Animate with A System Call to ImageMagick

A secondary option is to just call ImageMagick directly and make revisions edits in that pipeline. There is certainly immense control in using the command line option. Here I’m showing commands compatible with a Mac Book Pro, but they are likely slightly different with a PC based machine.

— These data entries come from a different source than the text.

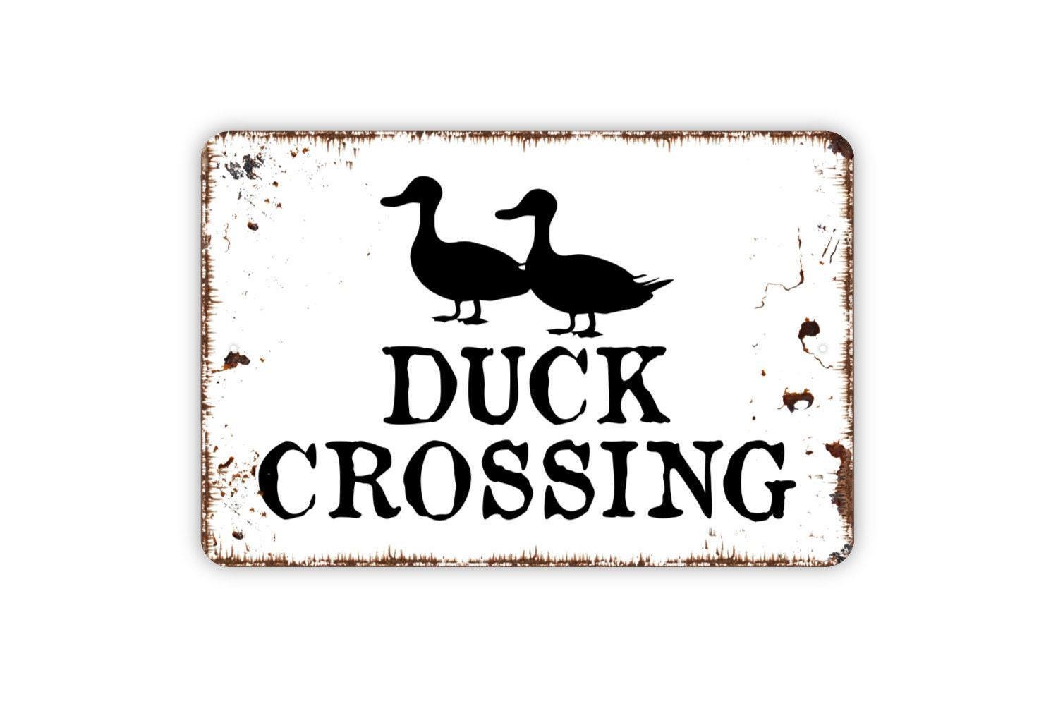 Duck Crossing Sign - Waterfowl Quack Birds Metal Sign Modern Wall Art Indoor Or Outdoor
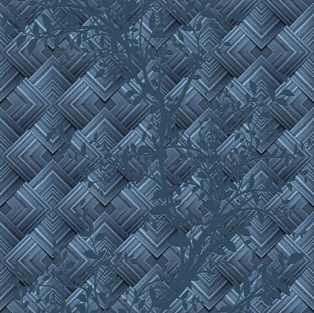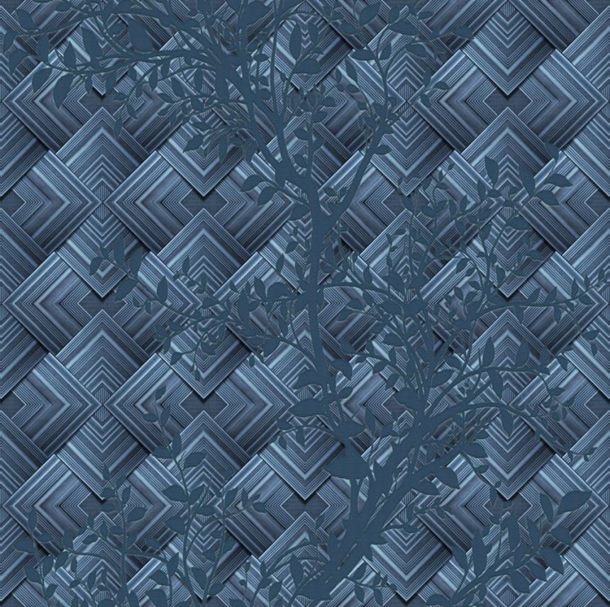 Luxury non-woven decorative wallpaper mural with a tree pattern with petals on a distinctive geometric background. The wallpaper is in blue-black shades. Can be combined with pattern Z64869
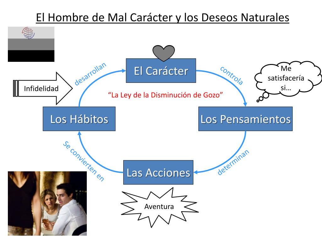 El Hombre de Mal Carácter y los DeseosNaturales El Carácter Me satisfaceríasi… desarrollan controla Infidelidad “La Ley de la Disminución de Gozo” Los Hábitos Los Pensamientos Se convierten en determinan Las Acciones Aventura
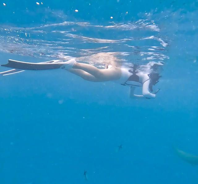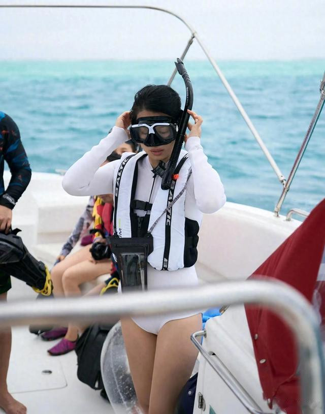 45岁胡杏儿分享潜水照, 穿白色泳衣, 三胎妈妈了身材一如选美时
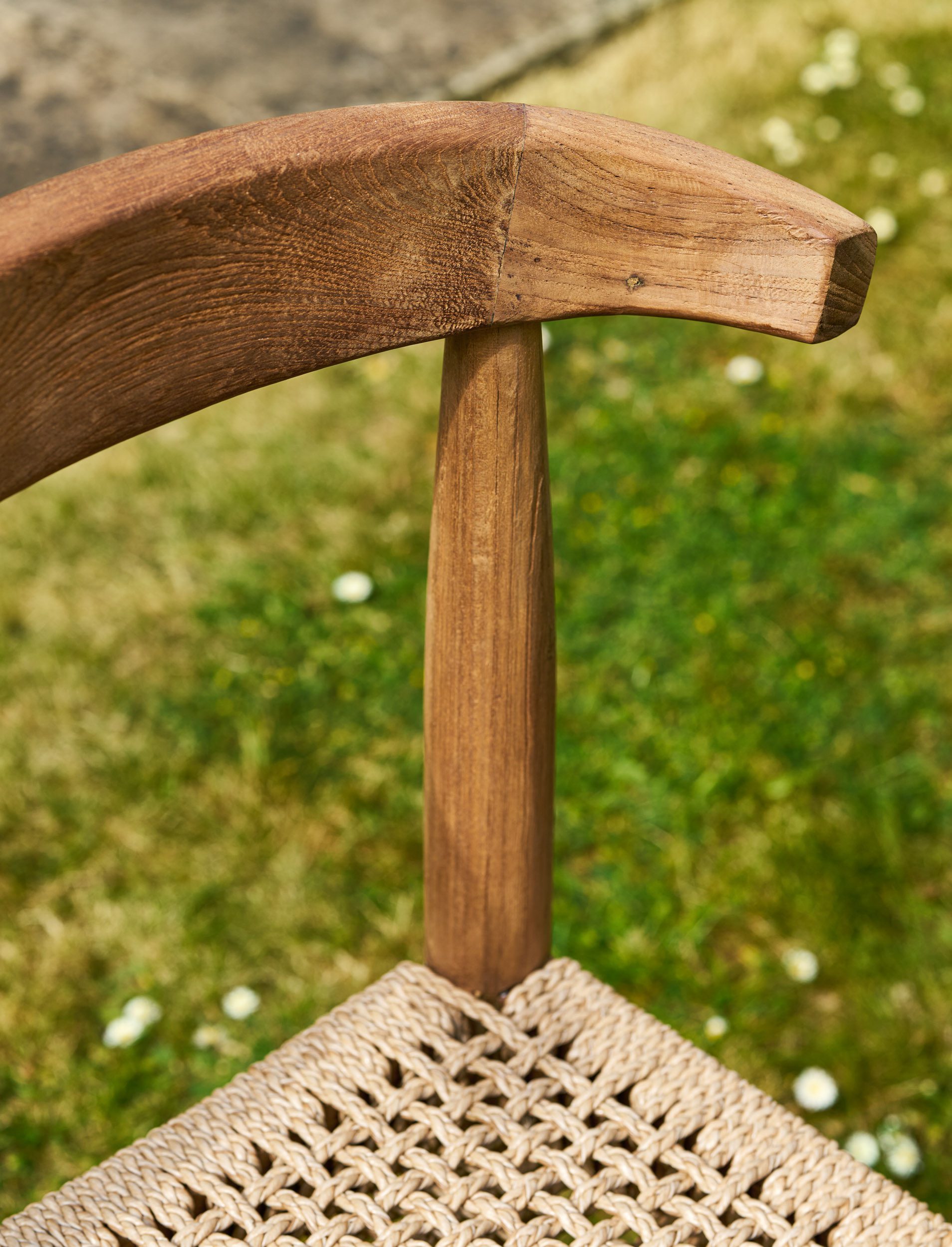 Each chair features a woven hyacinth seat that offers comfort and natural texture. The combination of teak and hyacinth creates a warm, organic look that pairs perfectly with both the Hawthorne Round Dining Table and Hawthorne Oval Dining Table. Discreet plastic feet help raise the chairs off wet ground and protect the legs outdoors.
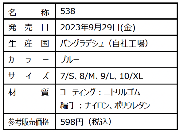 作業用手袋「MagneX(マグネックス)538」 9⽉29⽇ 発売開始
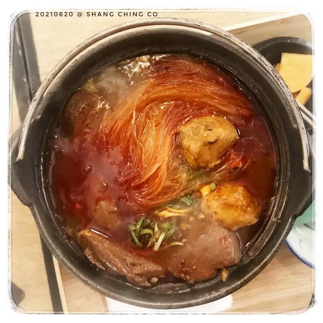 這間位於灣仔的台式餐廳 - 尚青商號 頗有人氣的啊其實剛新開張時已經心動想去,當聽朋友說那時要排隊就等到這刻才去不過星期六下午4點多時間雖然不用排隊,但都有不少客人的呢餐廳在一樓,樓下沒有接待就自己直接上去囉裝潢風格一看便覺得很有台灣的味道,而且是那種文青風格 (笑)一上到去先看到在樓梯口與收銀處附近的層架放置了一些台灣雜貨再加上木桌椅與水泥牆等,充滿台式老房子的味道食物方面,比較有代表性的牛肉麵、肉燥飯之類都有讓我更感興趣的是這裡的小食~"炸起來"餐牌中看起來都妻吸引啊下單的話是自行掃QR Code,還頗方便的呢牛肉麵的款式都有幾款,選了 - 番茄半筋半肉 ($78)湯麵會配油條、酸菜和是日小菜~黑木耳很爽脆開胃麵有幼麵或是手工寬麵,選的是後者~口感紮實又不失彈牙喲湯底濃郁且帶少許的甜味,還有肉香的味道確實不錯,不似是味精湯那種吃牛肉麵還是喜歡選半筋半肉!!一邊軟Q的,另一邊是軟嫩的~一次能吃到兩種層次口感!兩者都炆得很入味,喜歡吃牛肉麵的記得一試喔說到台式料理,第2樣會想吃的是 - 麻辣鴨血煲 ($78)這個煲會配冬粉或是蓬萊米飯,理所當然地選擇前者,然後也是有跟是日小菜 連爐上桌~若是在冬天吃應該更滋味麻辣的味道頗刺激,少許麻~但辣度頗高的,只能吃普通辣的要三思鴨血入口滑溜亦很入味,另外還有貢丸和蜂巢豆腐的喔!小食的話點了一份 - 炸豬血糕 ($48)香口的豬血糕,內裡軟糯~再配上滿滿的花生粉和醬,十分惹味。飲品方面,有幾款都頗有興趣~不過最終還是被某奶茶吸引了因為這裡的是 阿薩姆奶茶 ($22/熱),另外還可以加 珍珠 ($8) 奶茶可以揀少甜,因為珍珠本身帶甜味,這樣選反倒剛剛好…查看更多
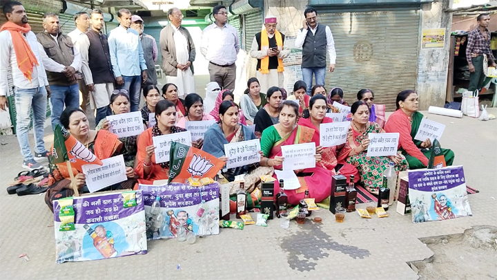 एमसीबी ( सरगुजा) 27 नवंबर 2022। शराब वैध हो या अवैध हो सुरूर तो दोनो में चढता है। फर्क यह है कि एक में सरकार को राजस्व मिलता है और दूसरे में सरकार को राजस्व की क्षति बताई जाती है। मनेन्द्रगढ़ के होटलों में बिक रही अवैध शराब के बंद करने को लेकर और छत्तीसगढ़ मे शराब बंदी का वादा करके सत्ता में बैठी कांग्रेस के खिलाफ बीते शनिवार को भरतपुर- सोनहत विधायक के कार्यालय के सामने बैठकर विरोध स्वरूप धरना प्रदर्शन कर भाजपा महिला मोर्चा की नेत्रियां मनेन्द्रगढ़ विधायक और भरतपुर-सोनहत विधायक के नामों के खिलाफ शराब की बोतलों को तथा चीखने को सामने रखकर दो घंटे तक जमकर नारे बाजी करती रहीं।
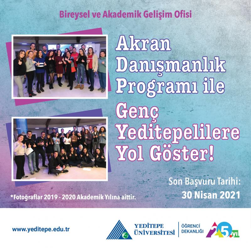 Akran danışmanlığı ile yeni gelen Yeditepe öğrencilerinin üniversitemize uyum sürecini kolaylaştırırken, ilerideki iş yaşamında seni öne çıkaracak iletişim, koçluk, problem çözme, organizasyon gibi önemli becerileri geliştirme fırsatı yakalayacaksın.
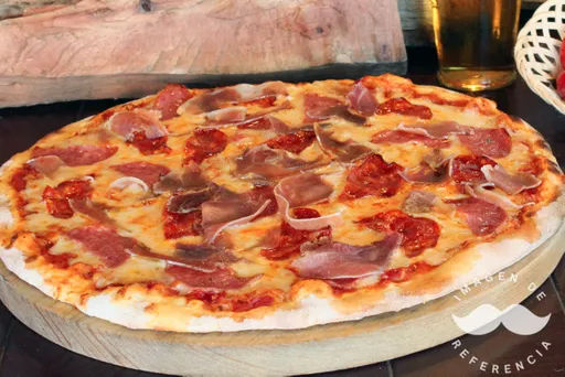 Chorizo italiano, jamón serrano, queso mozzarella y queso amarillo.
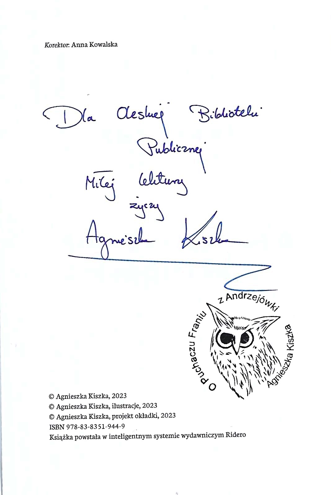 Egzemplarz OBP z dedykacją dla biblioteki.
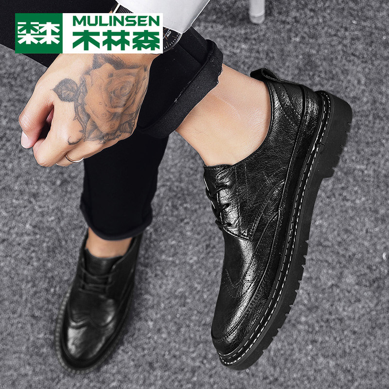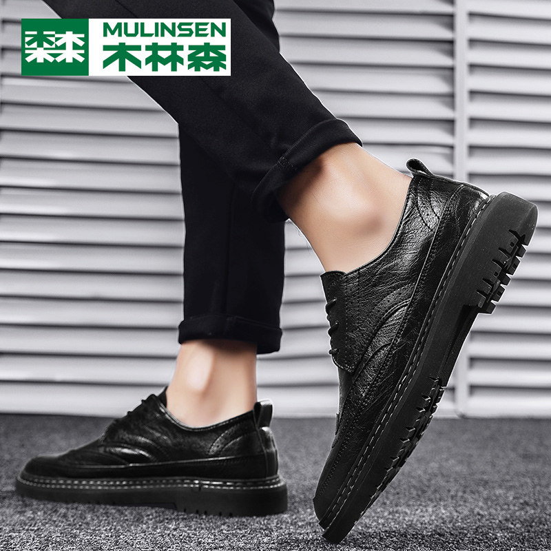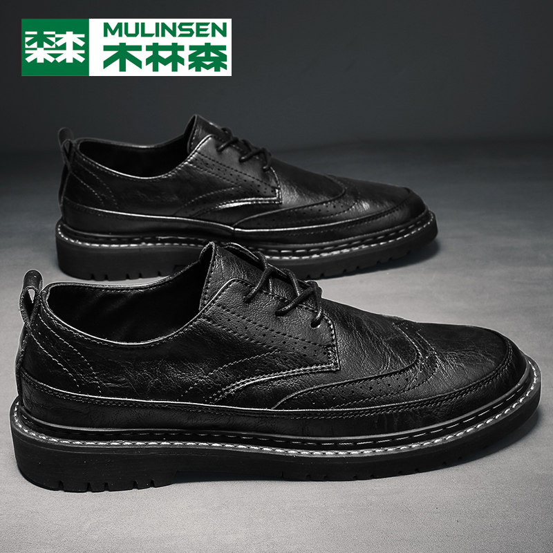 Mulinsen men's shoes 2022 new autumn business dress trend Korean version all-match British casual leather shoes men's trendy shoes
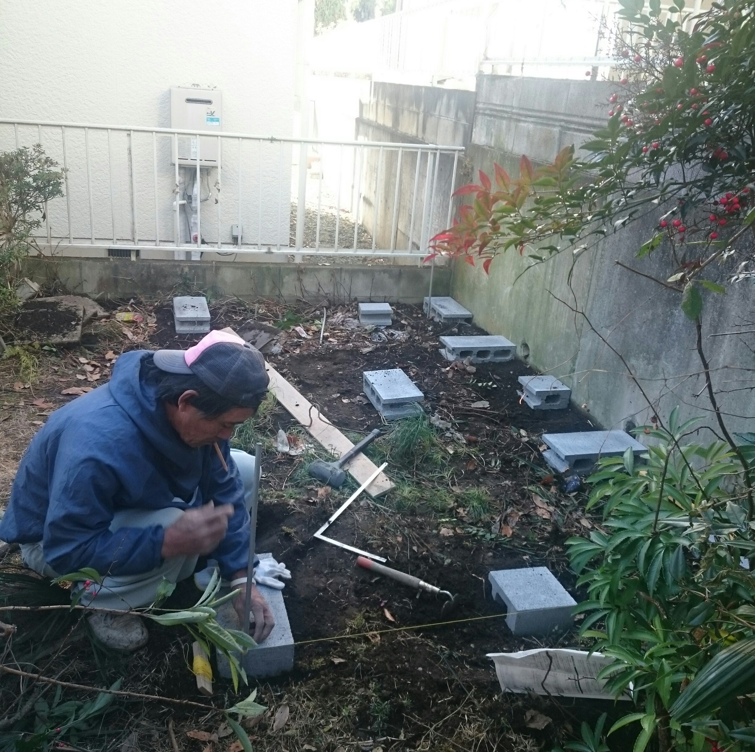 物置の下になるブロックの位置確認です。
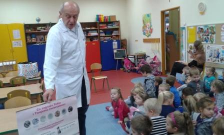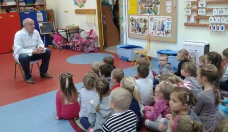 21 listopada, Przedszkole w Zembrzycach odwiedził weterynarz - Pan Marcin Benisz. Celem spotkania było poznanie pracy lekarza weterynarii, zdobycie wiedzy na temat dbania o pielęgnowania zwierząt domowych, a także kształtowanie postaw humanitarnych w stosunku do zwierząt. Przedszkolaki słuchały z ogromnym zaciekawieniem tego, o czym mówił ich Gość, szczególnie gdy opowiadał o niecodziennych przypadkach ze swojej pracy np. o operacji tygrysa. Dowiedziały się również, że nie wolno głaskać i zaczepiać nieznanych im zwierząt, które spotykają na drodze oraz dlaczego zawsze po zabawie z pupilem należy umyć ręce. Dzieci chętnie dzieliły się także spostrzeżeniami dotyczącymi zwierząt, które posiadają w domu. Na zakończenie spotkania, przedszkolaki podziękowały Panu weterynarzowi za wizytę i wręczyły laurkę.(zk)
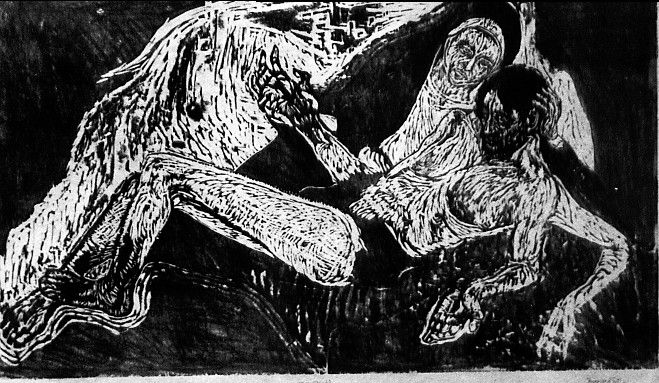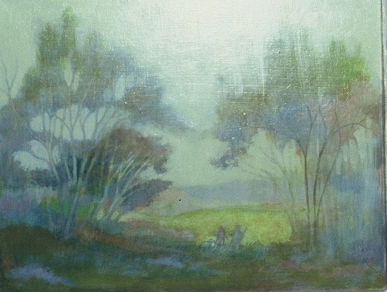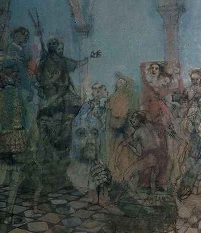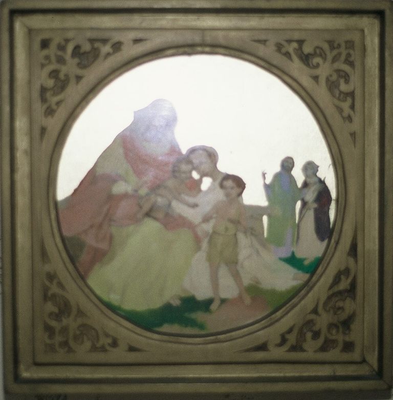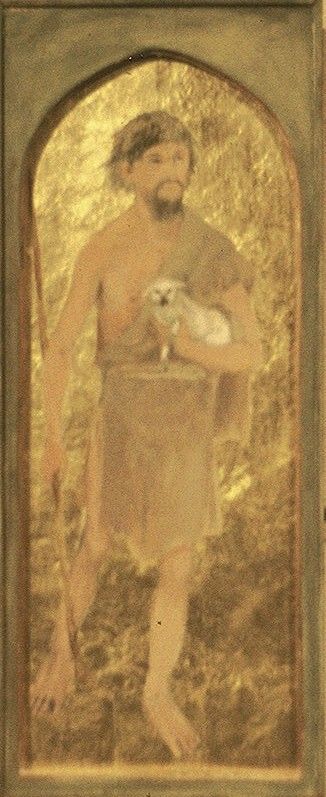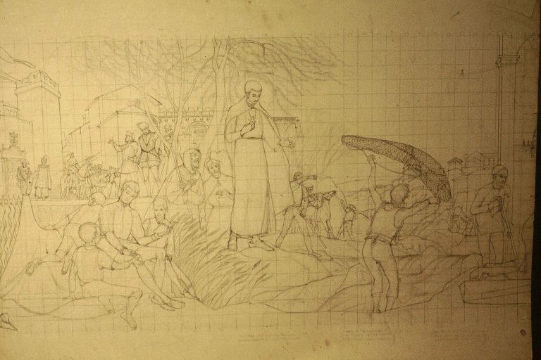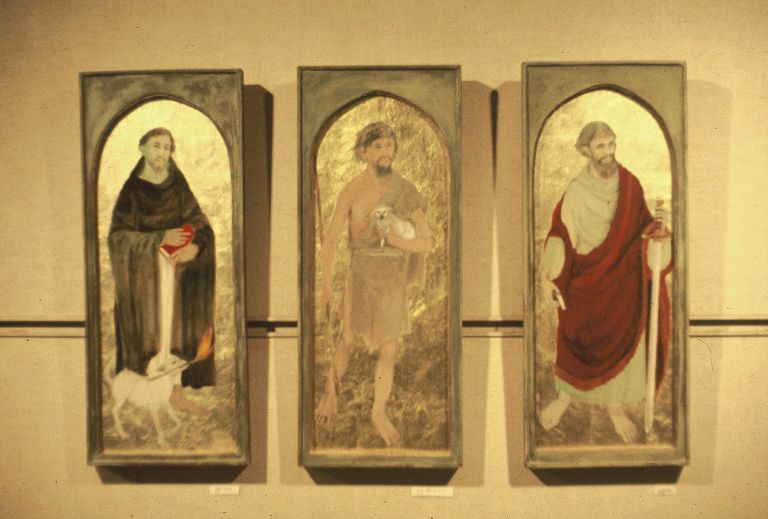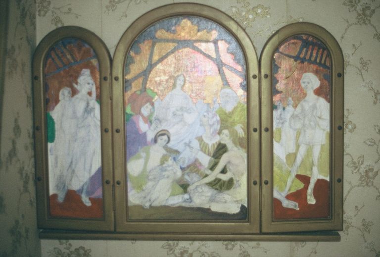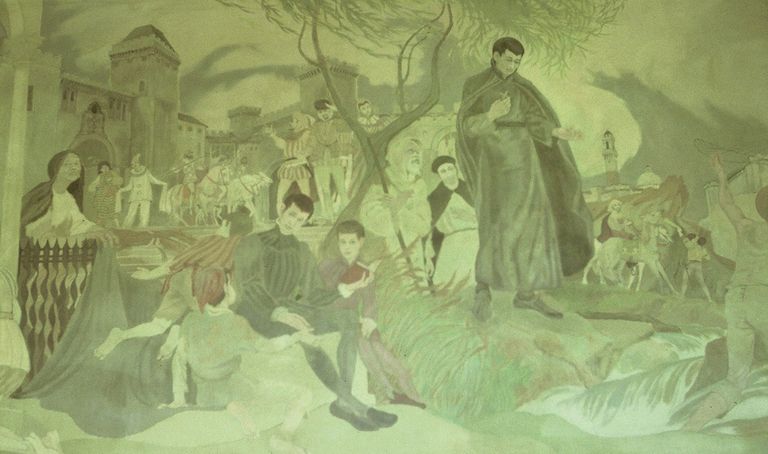 Bernard Riley was raised in a Catholic family and maintained that faith throughout his life. He created a series of Life of the Saints works, small single portraits many done with gold leaf background. The urge to paint on a grand scale was fulfilled in 1959 when he designed a detailed narrative mural recording the life of St. Aloysius Gonzaga for Fairfield University.

## Using ImageMagick: Set working dir first to images
system(command= "convert ./fig_output/cdec/hgm_snowcdec_v2* -delay 100 -loop 0 cdec_snow_IM.gif")
# play with -delay as necessary, this is much faster than the fps in "magick"

# To Resize Use
system(command= "convert -size 1100x850 cdec_snow.gif -resize 800x600 cdec_snow_small.gif")

## OR
system(command= "convert cdec_snow.gif -resize 50% cdec_snow_small.gif")

## TO Slow down use existing Gif

system(command = "convert -delay 40 cdec_snow.gif cdec_snow.gif")

Hopeful this was useful!

Thanks for reading…hopefully there are some useful tidbits in here for use.